У меня есть функция, использующая pdf2image для преобразования каждой страницы PDF-файла в изображения. По разным причинам я больше не могу использовать pdf2image и теперь должен вместо этого использовать PyMuPDF, однако у меня возникли проблемы с получением тех же результатов, что и при использовании pdf2image.
Коды для pdf2image и PyMuPDF приведены ниже.
Каждый элемент в pages_list для pdf2image является numpy.ndarray, и я могу убедиться, что PDF-файлы были правильно преобразованы, просмотрев полученное изображение Image.fromarray(pages_list[i]) с помощью библиотеки PIL. Когда я просматриваю это с результатом pdf2image, я вижу исходный PDF-файл в виде изображения. Когда я просматриваю это с результатом PyMuPDF, я вижу один длинный очень тонкий столбец пикселей, которые не образуют полного изображения.
Расчетное время ожидания: я могу использовать Pillow локально для просмотра изображений, но в конечном итоге это перейдет в лямбда-функцию AWS, и мне не разрешено использовать Pillow и сохранять файлы.
pdf2image
pages = convert_from_path(img_path, 500)
pages_list = []
for i in range(len(pages)):
pages_list.append(np.array(pages[i]))
PyMuPDF
pdf_doc = fitz.open(img_path)
pages_list = []
for i in range(len(pdf_doc)):
page = pdf_doc[i]
pixmap = page.get_pixmap(dpi=300)
img = pixmap.tobytes()
img_array = np.frombuffer(bytearray(img), dtype=np.uint8)

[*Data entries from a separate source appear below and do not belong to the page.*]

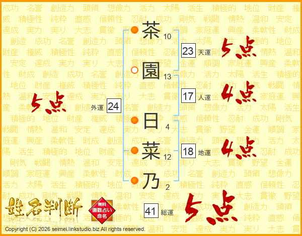 茶園日菜乃さんの総運は41画の5点!
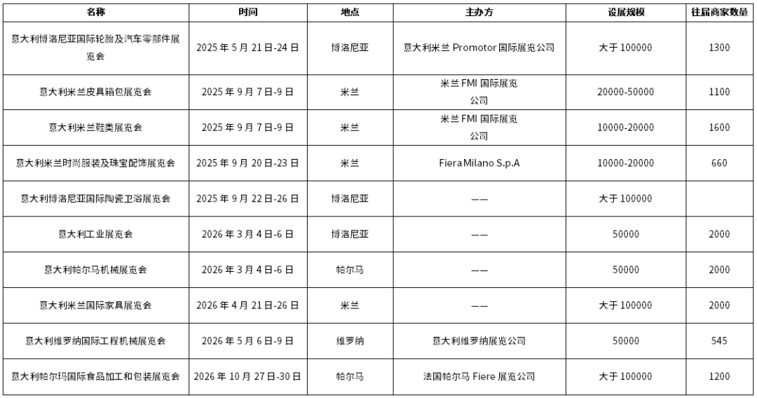 2025至2026年,意大利计划组织超过250场各类展会,主要举办地在米兰、博洛尼亚、帕尔马等地,涉及行业包括建材/石材/照明/暖通(30场)、纺织/服饰/鞋革(25场)、食品/果蔬/饮料/酒(24场)、化工/环保/能源(19场)、珠宝/首饰/美容/眼镜(17场)。其中,影响力较大的包括意大利米兰皮具箱包展览会及鞋类展览会,两场展会均将于2025年9月7日-9日在米兰举办;意大利工业展览会,将于2026年3月4日-6日在博洛尼亚举办;意大利米兰国际家具展览会,将于2026年4月21日-26日在米兰举办。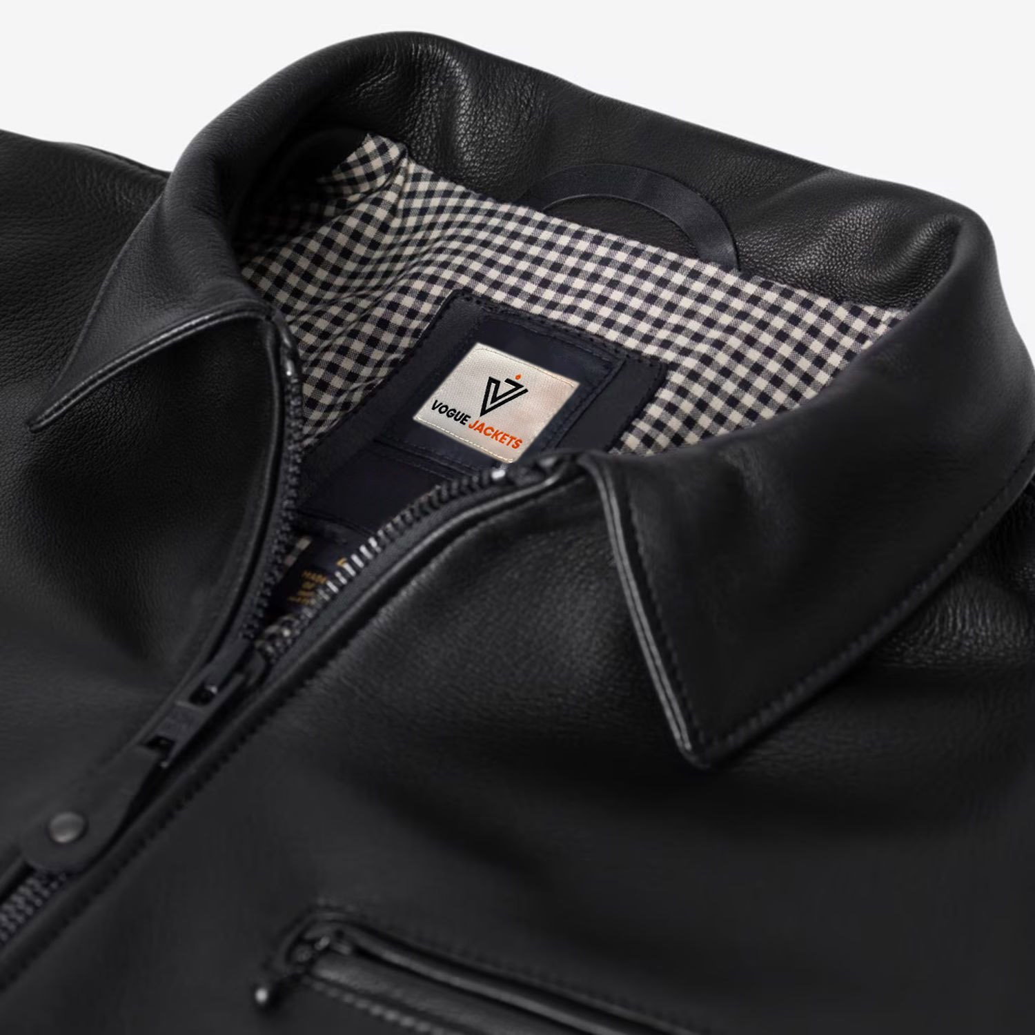 The N.Y.C. Vogue Jacket Men’s Black Leather Delivery Jacket by Vogue Jacket blends city attitude with refined craftsmanship for a look that never goes out of style. Designed with a sleek zip-up front, this jacket offers the perfect balance between rugged utility and polished fashion. Featuring two hip pockets and a zippered chest pocket, it offers everyday practicality wrapped in premium design.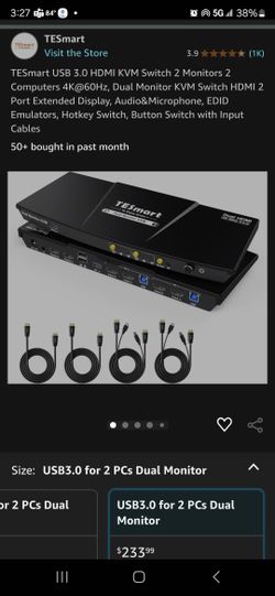 TESmart USB 3.0 HDMI KVM Switch 2 Monitors 2 Computers 4K@60Hz, Dual Monitor KVM Switch HDMI 2 Port Extended Display, Audio&Microphone, EDID Emulators$175St. Petersburg, FL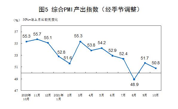 10月份,综合PMI产出指数为50.8%,比上月下降0.9个百分点,表明我国企业生产经营活动总体扩张步伐有所放缓。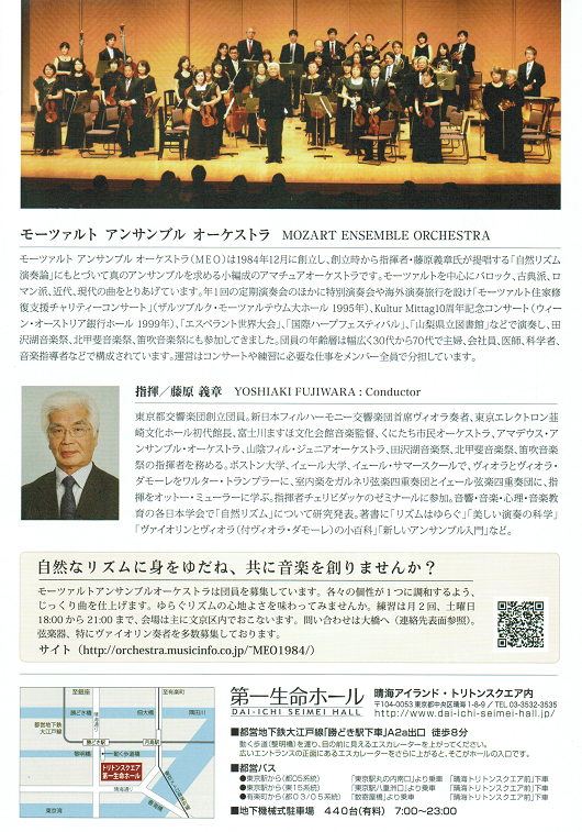 ● 第35回定期演奏会 第一生命ホール 14時開演(13:30開場) モーツァルト 歌劇「ドン・ジョヴァンニ」序曲 K.527 モーツァルト 交響曲第36番 ハ長調 「リンツ」K.425 ドヴォルジャーク チェコ組曲 ニ長調 Op.39 ベートーヴェン 交響曲第1番 ハ長調 Op.21 入場料: 2,000円(全席自由) チケット前売: チケットぴあ http://t.pia.jp/ 0570-02-9999 (Pコード142-878) CNプレイガイド 0570-08-9990 www.cnplayguide.com お問い合わせ: 新演奏家協会 03-3561-5012 http://www.shin-en.jp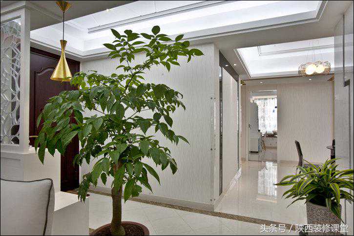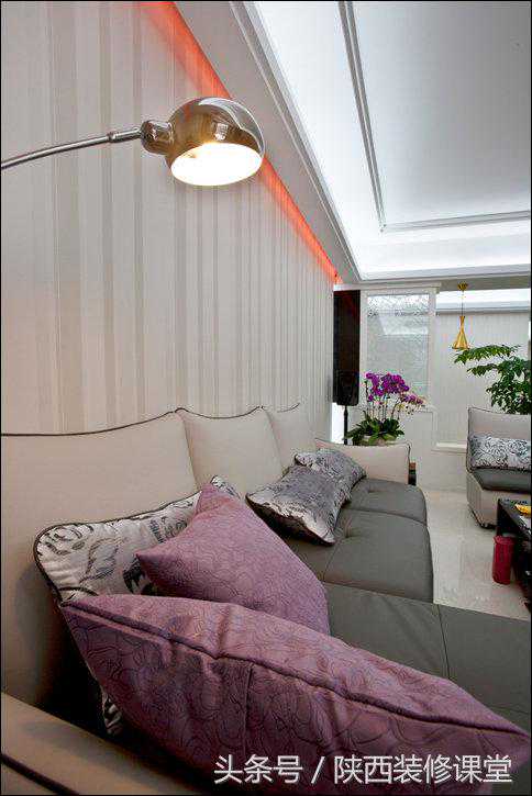 天花板做了一些开槽造型,藏光槽和天花顶分别有两个三公分的小台阶,用设计师的说法是可以起到视觉提升作用。照明用的是网购自【文锦照míng专营店】的某士T5灯管支架,并且用两个暖色LED水晶灯【一灯皇dēng饰旗舰店】点缀。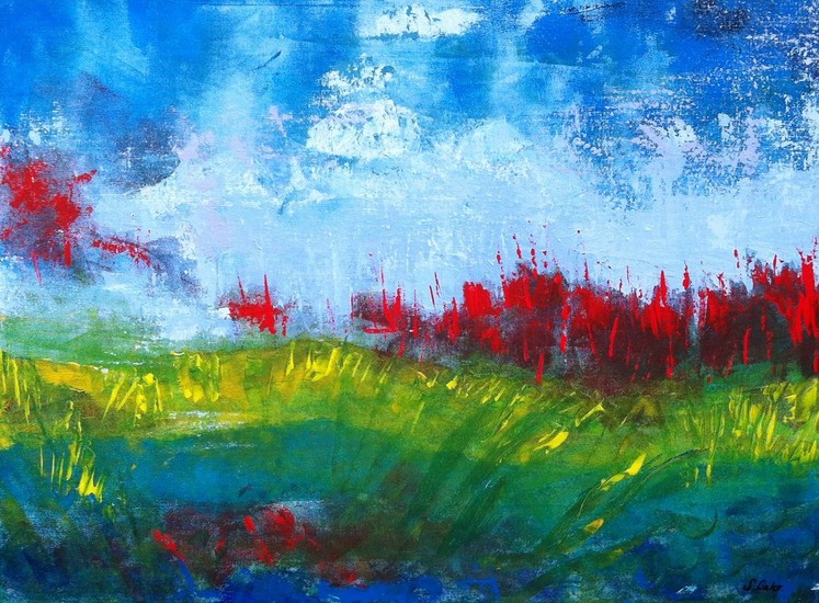 landschap met rode bloemen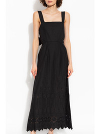 Amelia midi dress Highlights - Black - Bci cotton - Embroidered design - Rear tie fastening - Square neck - Sleeveless - Fitted waistline - Open back - A-line skirt - Scallop hem - Mid-length Imported Composition BCI Cotton 100%

img_array_np = np.array(img_array)
pages_list.append(img_array_np)
Хотя я успешно преобразовал полученный объект байтов в массив numpy, массив сильно отличается от результатов pdf2image. Я надеялся получить точно такой же результат от PyMuPDF, как и от pdf2image, но не уверен, где именно я ошибаюсь. Я предполагаю, что это что-то в том, как я конвертирую байты в массив, но мне еще предстоит найти работающее решение.
# Repeated for pdf2image and PyMuPDF
print(f"{library_name}: \n{type(pages_list[0])}")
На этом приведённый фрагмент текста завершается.